** Opening Extracted material block **
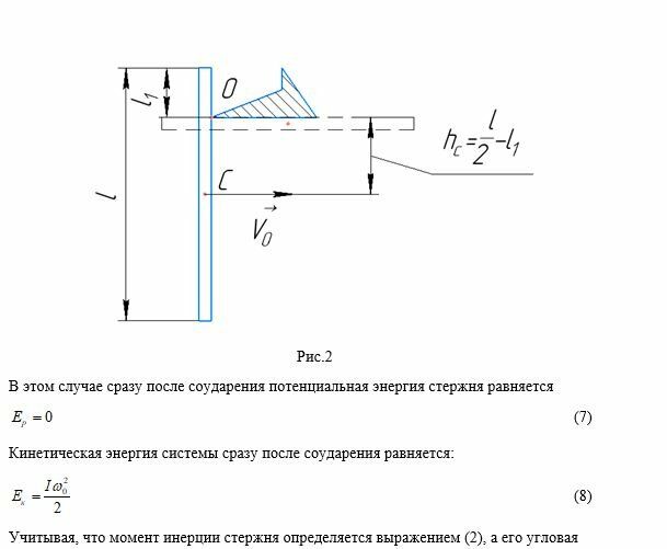 V0m – минимальная горизонтальная скорость стержня, а ω0m – соответственно минимальная угловая скорость стержня, при которой он после удара способен коснуться горизонтальной поверхности преграды;
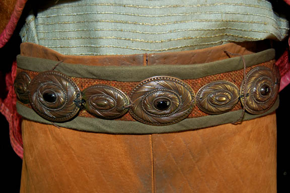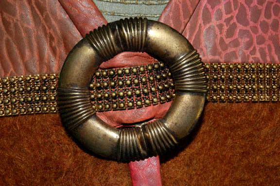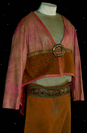 Description: A costume featured in the Star Trek: Deep Space Nine episode “Melora”, wherein an officer from a low-gravity planet comes to DS9 and is confined to a wheelchair but “Dr. Bashir” (Alexander Siddig) devises a method to rid her of it. This costume is for wear by Don Stark in the role of a Yridian merchant, “Ashrock”, and is a loose, long-sleeved, light green, raw silk, shirt featuring textured horizontal stripes, moderately distressed, two-toned suede/vinyl trousers, twine belt loops, stirrups for the feet, a rust colored belt with olive outline and carved metal medallions tied to it; a textured, pink, long-sleeved, crop top, vinyl jacket with a brown mohair-like panel along the bottom, brass-colored accents, a longer back jacket flap in a reflective red floral pattern and zip cuff adjustment. Don Stark is probably best known in the role of "Bob Pinciotti" on “That 70's show”. The costumer’s tag reads ‘429 DS9 Melora, Ashrock, Don Stark’.
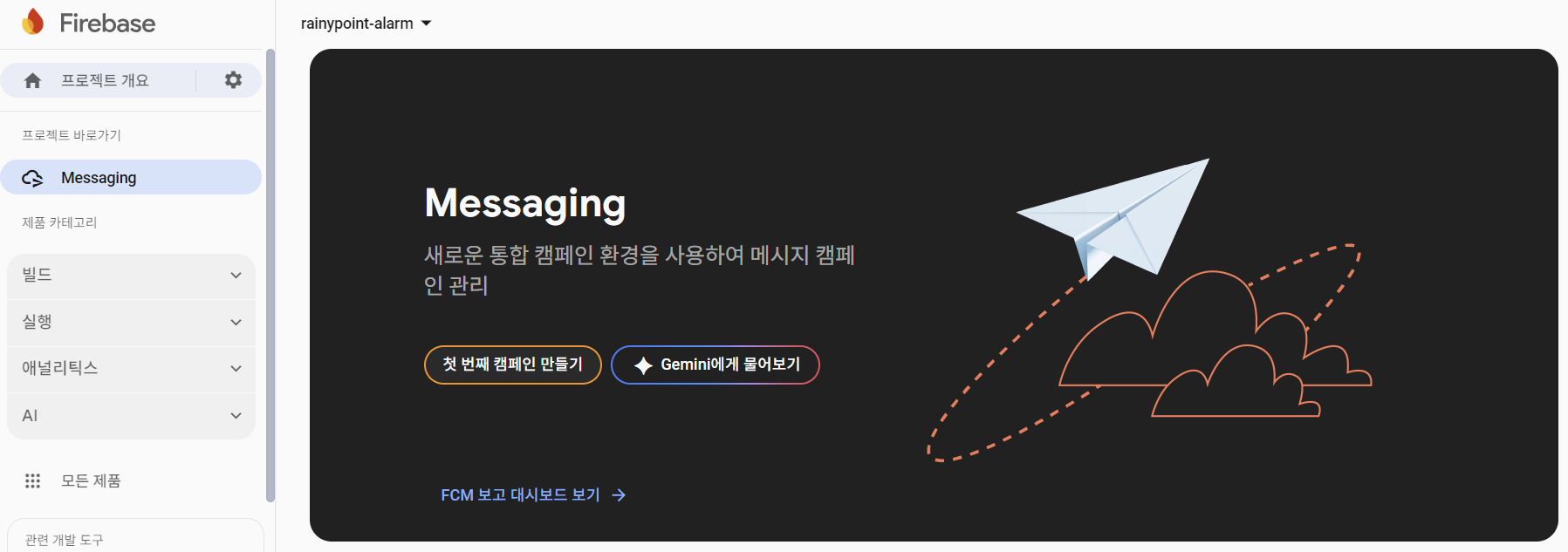 Firebase Messaging 페이지에서 [첫 번째 캠페인 만들기] 버튼을 클릭한다.
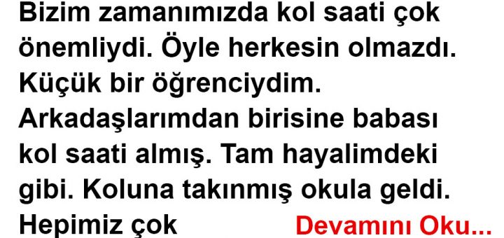 Bizim zamanımızda kol saati çok önemliydi. Öyle herkesin olmazdı. Küçük bir öğrenciydim. Arkadaşlarımdan birisine babası kol saati almış. Tam hayalimdeki gibi. Koluna takınmış okula geldi. Hepimiz çok beğendik. Çocukluk işte benim asla böyle bir...
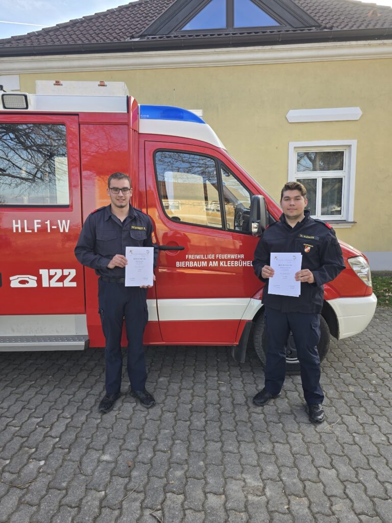 Die Freiwillige Feuerwehr Ried am Riederberg gratuliert Thorsten Hlavacek und Rene Reisinger zum erfolgreichen Abschluss.
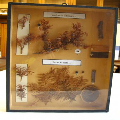 En una caja-expositor con la tapa de cristal. Las diferentes partes que se exponen están numeradas con pequeñas etiquetas redondas escritas a máquina, del 1 al 8 para el enebro, y del 1 al 7 para el tejo. Hay dos etiquetas, una por árbol, con inscripción a máquina: \Juniperus communis L\ y \Taxus baccata L.\.
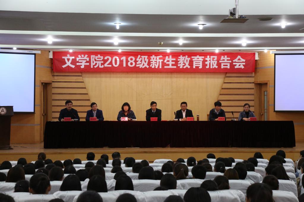 10月17日下午,文学院举行2018级新生教育报告会。党委书记苏占兵、院长夏静、党委副书记王作茂、院长助理霍俊国出席报告会。
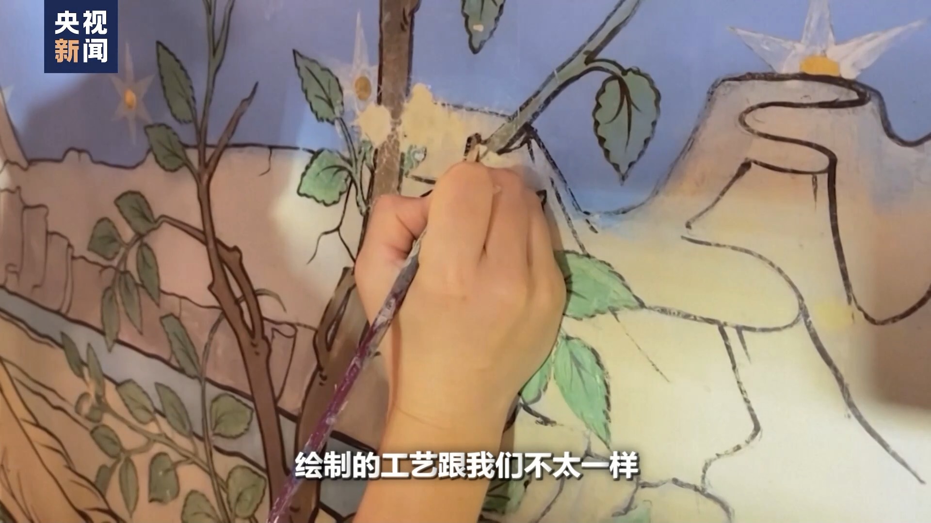 他的壁畫跟我們不太一樣,因為它是歐洲的壁畫教堂壁畫,他繪制的工藝跟我們不太一樣,我們把它一般叫濕壁畫。咱們國家相當(dāng)于是干壁畫,兩個壁畫的工藝就不太一樣,修復(fù)過程中也不一樣,我們可能更多交流這樣的過程。
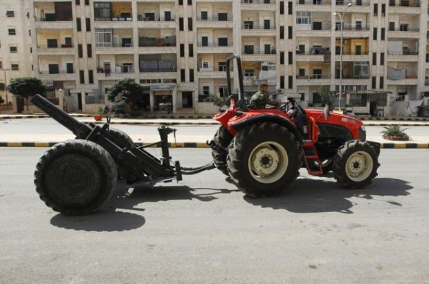 Một chiến binh Quân đội Syria lái máy kéo di chuyển một khẩu đại bác tự tạo ở Aleppo ngày 25-12-2013 (Ảnh: Reuters)
** Closing Extracted material block **
Exercise instructions
What you return must match the lines above from the one with "En una caja-expositor" through the one with "10月17日下午,文学院举行" exactly, with both ends included and the pictures excluded.

Task response
 En una caja-expositor con la tapa de cristal. Las diferentes partes que se exponen están numeradas con pequeñas etiquetas redondas escritas a máquina, del 1 al 8 para el enebro, y del 1 al 7 para el tejo. Hay dos etiquetas, una por árbol, con inscripción a máquina: \Juniperus communis L\ y \Taxus baccata L.\.
 10月17日下午,文学院举行2018级新生教育报告会。党委书记苏占兵、院长夏静、党委副书记王作茂、院长助理霍俊国出席报告会。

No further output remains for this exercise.